Written by Joey Hartstone, the drama chronicles the Southern politician’s rise to become the 36th President of the United States. Filming is slated to begin in September in New Orleans and Baton Rouge, Dallas and Washington. LBJ centers on the political upheaval that vice president Johnson faced when he was thrust into the presidency at the hands of an assassin’s bullet in November 1963. With political battles on both sides of the aisle, Johnson struggles to heal a nation and secure his presidency by passing Kennedy’s historic Civil Rights Act.

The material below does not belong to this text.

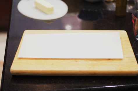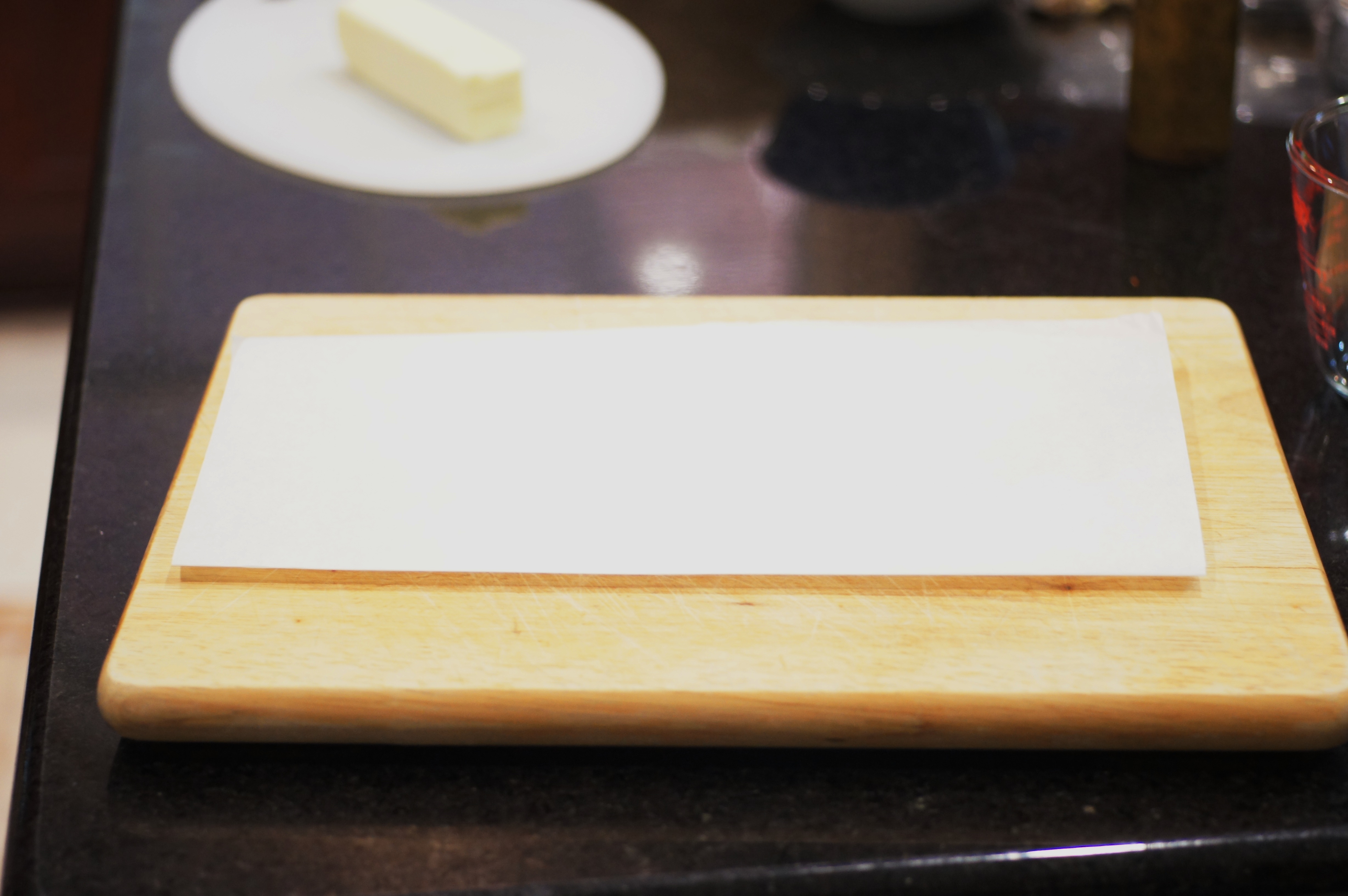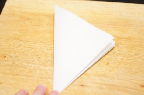 Tear a piece of parchment paper from the box as close to a square as possible. Fold it in half.

Yes, fine, wonderful. Johnson was a brilliant politician in a lot of ways, and the work he did following the JFK assassination to get the Civil Rights Act passed was pretty incredible. And everyone is doing LBJ projects these days, from Robert Caro and his four-volume-30-year-and-counting biography to Bryan Cranston in the HBO movie (and Broadway play) All the Way, so why not let Woody and Reiner in on the fun, right? I just have one request: if we’re going do this, let’s really do this by including the following two scenes.
1. LBJ giving scotch-fueled tours of his Texas ranch in his Lincoln convertible. His special assistant, Joseph A. Califano, Jr., explains.

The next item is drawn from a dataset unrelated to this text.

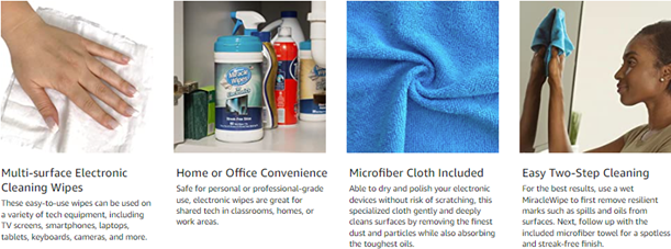 - ANTI-STATIC, MIRACLE WIPES for electronics are designed to clean external areas on electronic devices and won’t cause damages to screens or surfaces. They will help lift away fingerprints, food particles, spills, watermarks, and skin oils while leaving behind a clear finish.
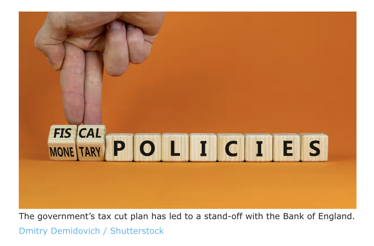 This latest intervention underlines how intertwined monetary policy – the tools used by a central bank to support a country’s economic growth – is with fiscal policy – the tools used by the government to achieve the same ends. What the government does affects what the Bank has to do and vice versa. It also indicates that either the government or the central bank must consider changing their stated course to address the current economic crisis, or risk continued financial market volatility.

In the early afternoon, the President, with me next to him in the front seat, took his white Lincoln convertible, top down, for a drive around the ranch. It was incredibly hot; the dust clouds made it hard to breathe. But there was relief. As we drove around we were followed by a car and a station wagon with Secret Service agents. The President drank Cutty Sark scotch and soda out of a large white plastic foam cup. Periodically, Johnson would slow down and hold his left arm outside the car, shaking the cup and ice. A Secret Service agent would run up to the car, take the cup and go back to the station wagon. There another agent would refill it with ice, scotch, and soda as the first agent trotted behind the wagon. Then the first agent would run the refilled cup up to LBJ’s outstretched and waiting hand, as the President’s car moved slowly along.

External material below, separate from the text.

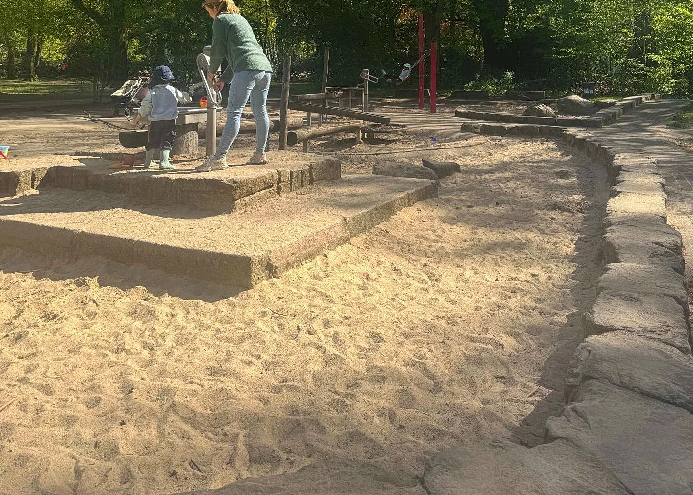 Fischers Park in Hamburg: viel Platz für Kinder jeden Alters. Mehrere Spielplätze mit Planschbecken und Wasserpumpen im Sommer toll. Offene Wiesen zum Rennen und viele schattige Picknickplätze. Dazu e...

2. LBJ calling up Joe Haggar of Haggar Pants with some, uh, very specific requests for his slacks.
LBJ: Now the pockets, when you sit down, everything falls out, your money, your knife, everything, so I need at least another inch in the pockets. And another thing – the crotch, down where your nuts hang – is always a little too tight, so when you make them up, give me an inch that I can let out there, uh because they cut me, it’s just like riding a wire fence. These are almost, these are the best I’ve had anywhere in the United States,
JH: Fine.
LBJ: But, uh when I gain a little weight they cut me under there. So, leave me , you never do have much of margin there. See if you can’t leave me an inch from where the zipper (burps) ends, round, under my, back to my bunghole, so I can let it out there if I need to.
I can’t stress this enough. This entire call must be in the movie. It’s important to be historically accurate.